Stored data:

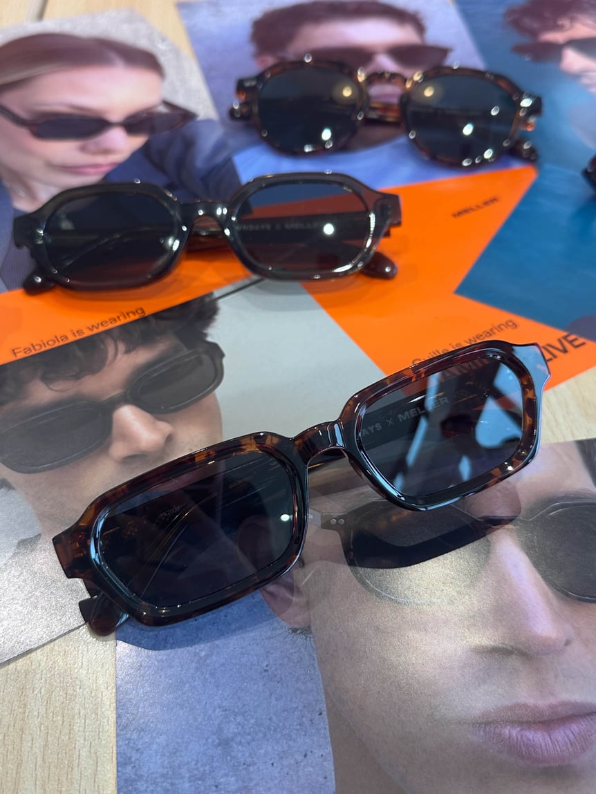 メラーは2014年に誕生。エッジの効いたジェンダーレスなデザインと、フレームやレンズにペットボトルをリサイクルした再生プラスチックやバイオ素材を使用したサステナブルな生産体制の両立によって、欧州の若年層を中心に支持を集めている。スペイン・バルセロナの強い日差しに対応するべく、サングラス全モデルに紫外線カット99%機能と眩しさを軽減する偏光レンズを搭載している点も特徴だ。
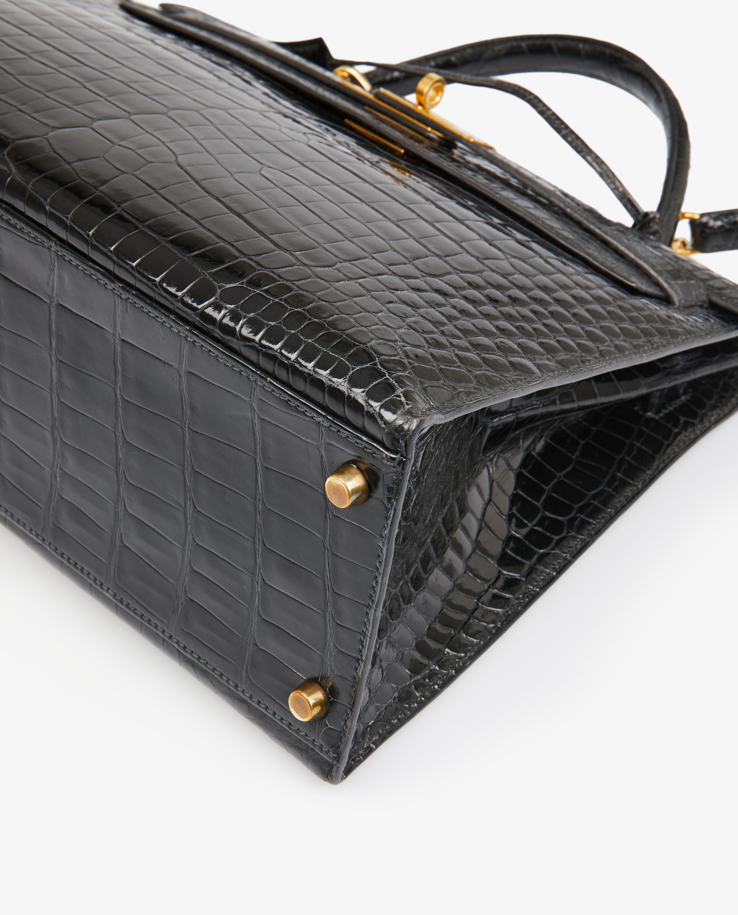 Sac Kelly 32 Hermès en crocodile porosus noir. Tirette, clochette et cadenas. Porté main ou à l’épaule à l’aide d’une bandoulière amovible qui mesure 90cm. Stamp V dans un rond, année 1992. En très bon état.
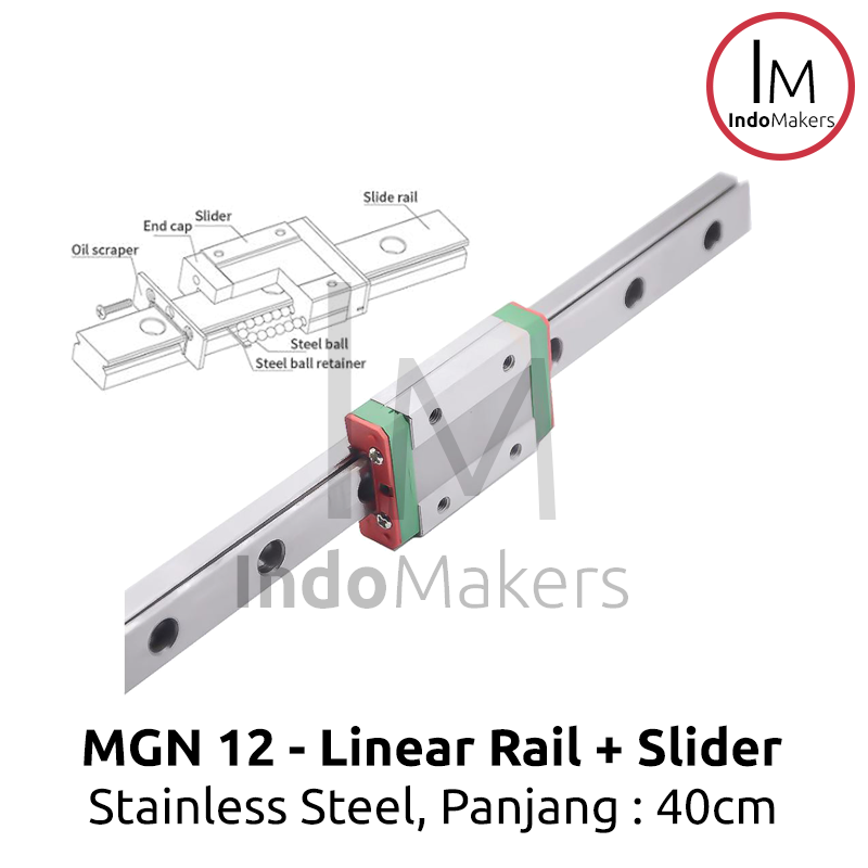 Paket MGN12 Linear Guide Rail 40cm dan Linear Slide Bearing MGN12C
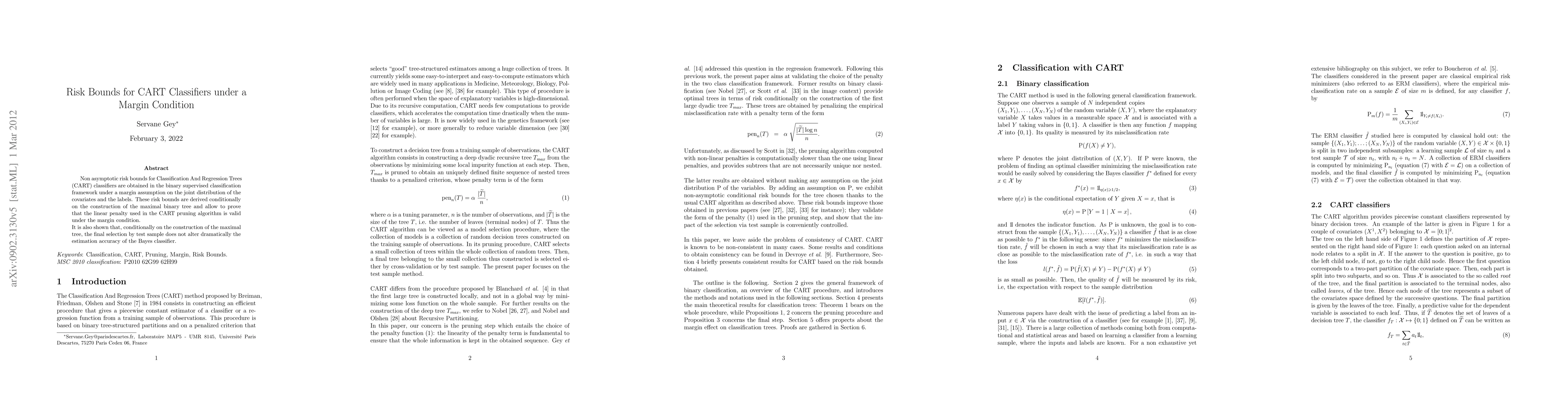 This paper provides risk bounds for CART classifiers under a margin condition in binary classification, demonstrating the validity of the CART pruning algorithm and showing that test sample selection does not significantly impact estimation accuracy compared to the Bayes classifier. The findings validate the CART algorithm for data mining applications in fields like Biology, Medicine, and Image Coding.
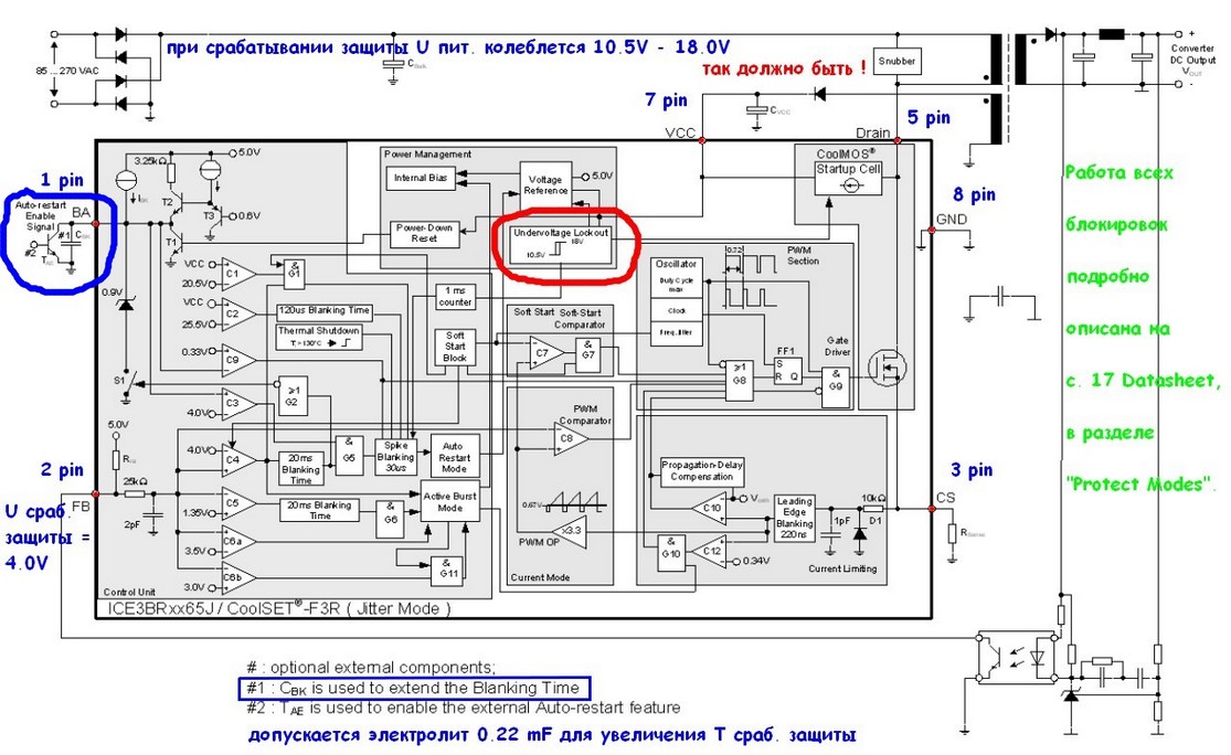 Перепахав обвязку IC501 3BR4765JZ в шахматном порядке и по-диагонали, вдоволь наигравшись с добавочной ёмкостью на вход BA (1pin, extended Blanking & Auto-restart), позволяющей увеличить время срабатывания защиты и чуть не спалив её, нашёл хде собака порылась...
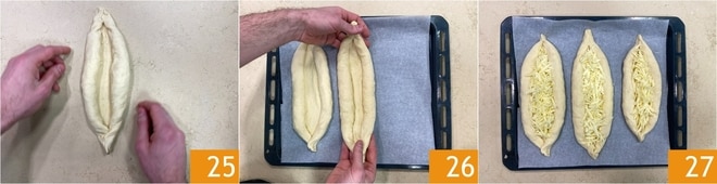 Debéis formar una barca 25. Colocad las barcas en una bandeja con papel de horno 26 y llenad el interior con abundante queso 27.
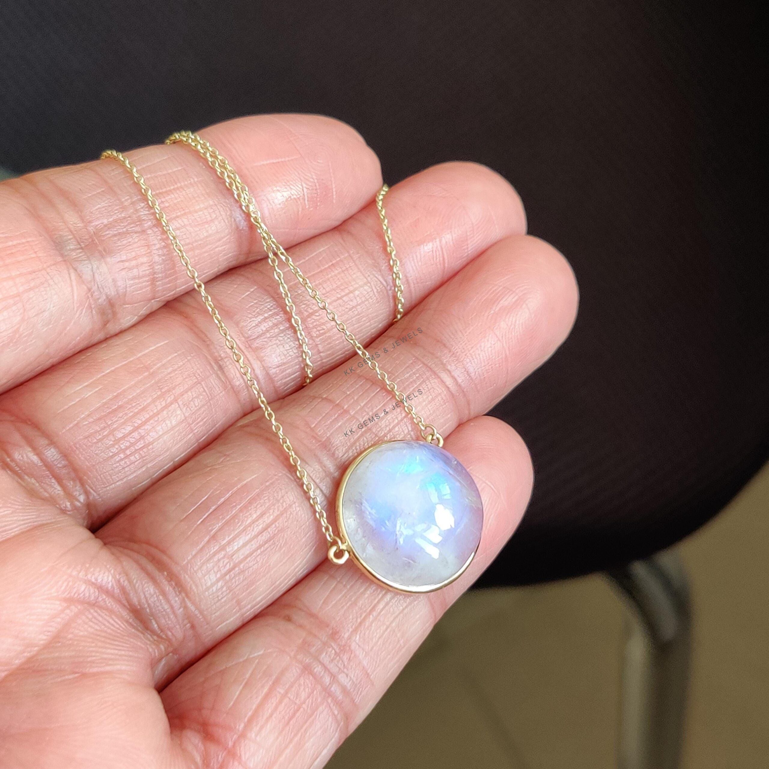 This stunning pendant is set in 14k Solid Yellow Gold with Natural Rainbow Moonstone with utmost precision. It is an unique gemstone pendant for nearly every occasion and is completely hassle-free jewelry. ABOUT GEMSTONE: Rainbow Moonstone is believed to help…
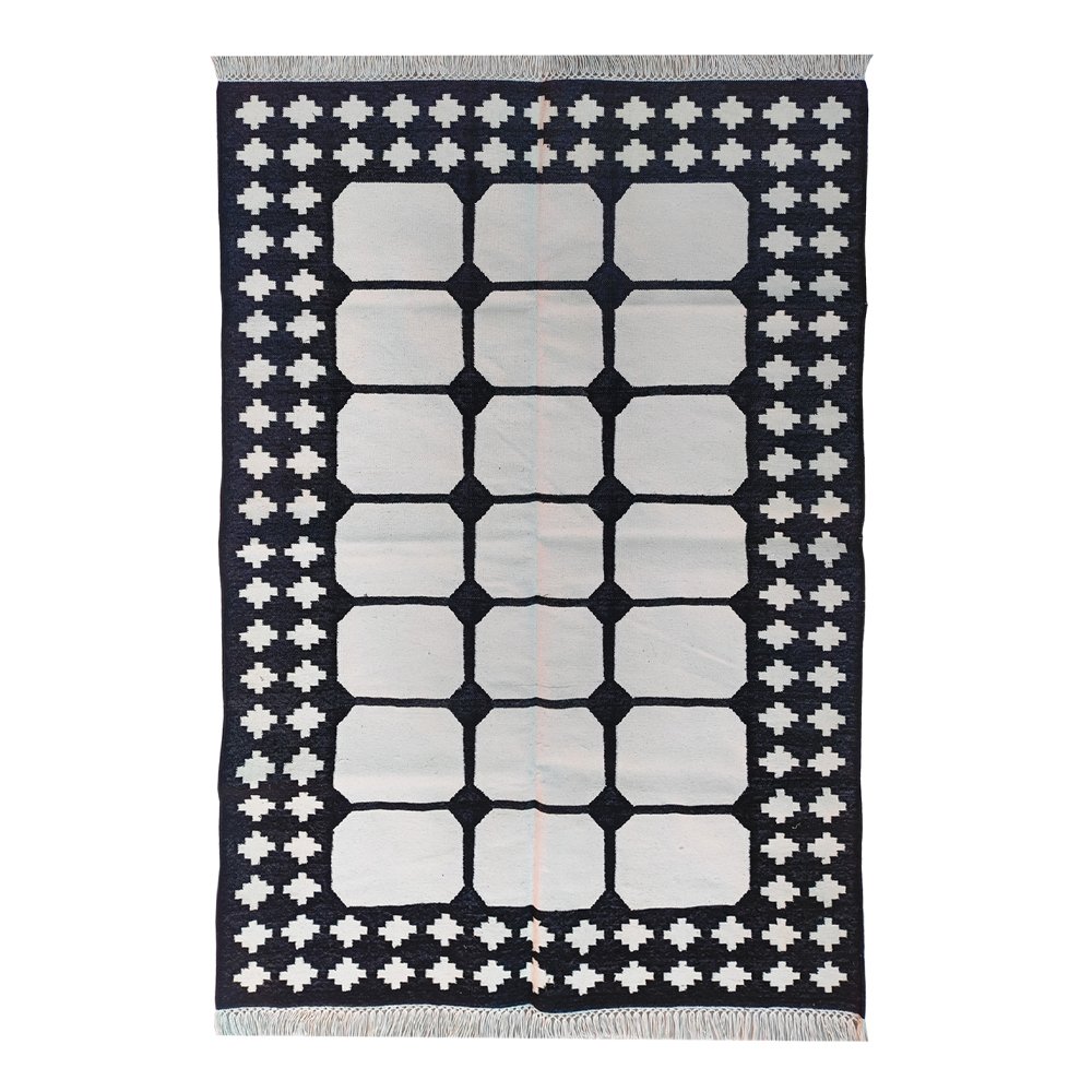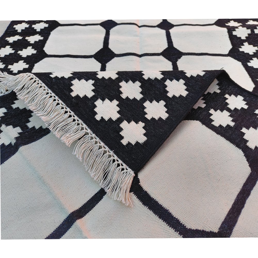 Cotton Panja Dhurrie Rug for Bedroom, Handwoven Reversible
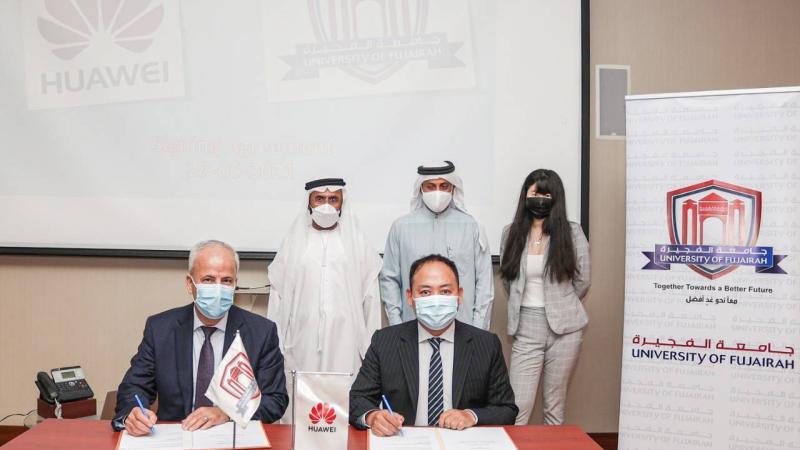 وقعت جامعة الفجيرة الأحد، اتفاقية تعاون مع شركة «هواوي» برعاية وحضور سعيد الرقباني، رئيس مجلس أمناء الجامعة، حيث وقع الاتفاقية عن الجامعة مديرها الدكتور سامح غوانمة، وسبيس لي، نائب رئيس الشركة، بحضور ممثلين عن الطرفين.
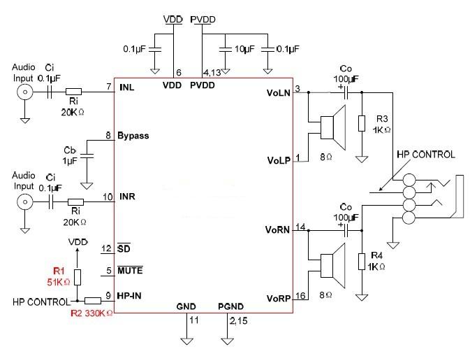 注:切換耳機的控制引腳Pin 9(HP-IN)外接的兩電阻R1,R2推薦值R1=51kΩ, R2=330kΩ;
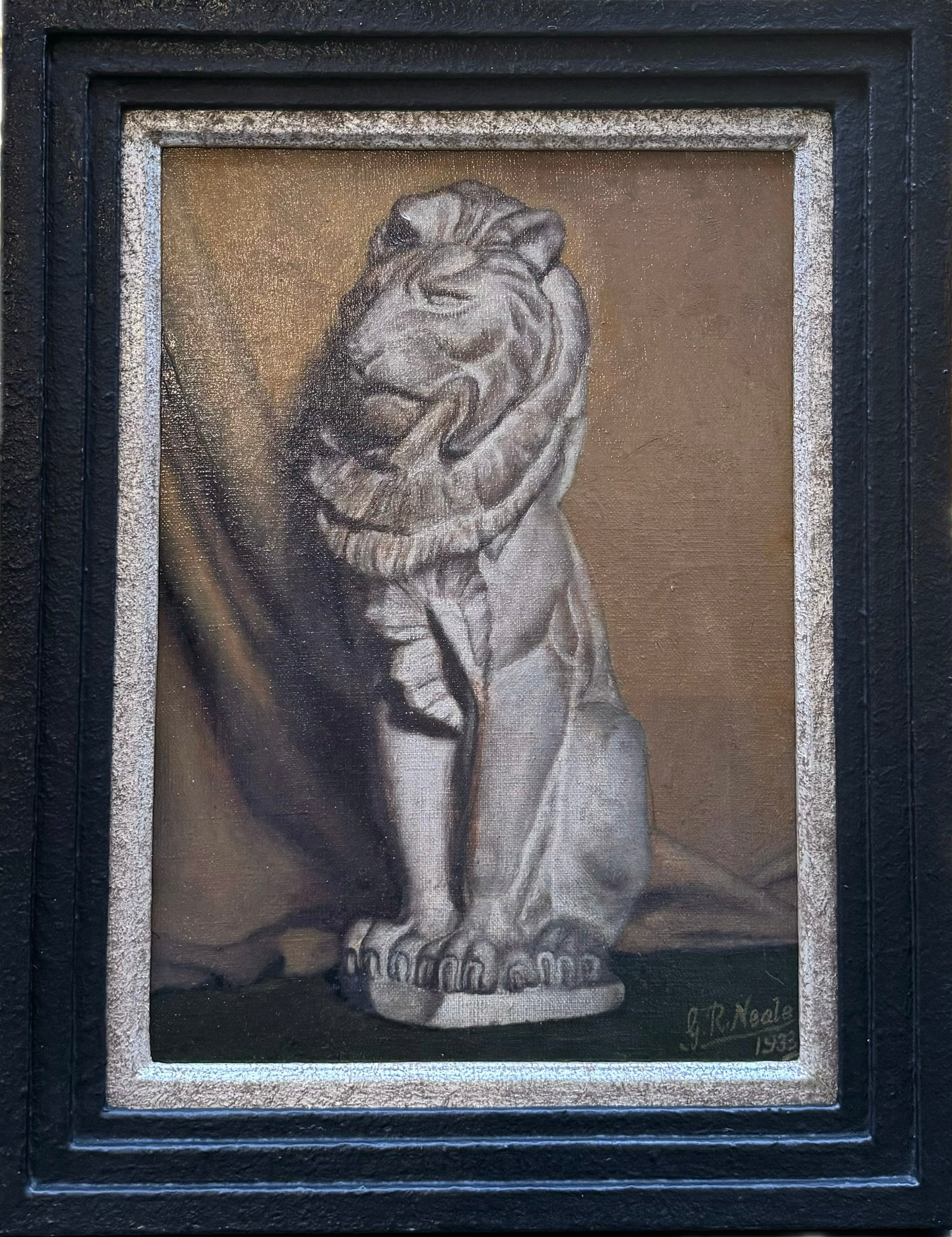 Accentuated by the works golden tones, the painting is a duality of strength and stillness. Explored through the compositions stoic stone lion; angled to gaze just out of frame; in contrast with the draped ochre curtain of the piece's background.

Problem to solve: Although the records hold pictures, the copy must not; give again exactly the lines from the one with "This stunning pendant" through the one with "注:切換耳機的控制引腳Pin 9(HP-IN)外接的兩電阻R1,R2推薦值R1=51kΩ, R2=330kΩ;".

Exercise answer:
 This stunning pendant is set in 14k Solid Yellow Gold with Natural Rainbow Moonstone with utmost precision. It is an unique gemstone pendant for nearly every occasion and is completely hassle-free jewelry. ABOUT GEMSTONE: Rainbow Moonstone is believed to help…
 Cotton Panja Dhurrie Rug for Bedroom, Handwoven Reversible
 وقعت جامعة الفجيرة الأحد، اتفاقية تعاون مع شركة «هواوي» برعاية وحضور سعيد الرقباني، رئيس مجلس أمناء الجامعة، حيث وقع الاتفاقية عن الجامعة مديرها الدكتور سامح غوانمة، وسبيس لي، نائب رئيس الشركة، بحضور ممثلين عن الطرفين.
 注:切換耳機的控制引腳Pin 9(HP-IN)外接的兩電阻R1,R2推薦值R1=51kΩ, R2=330kΩ;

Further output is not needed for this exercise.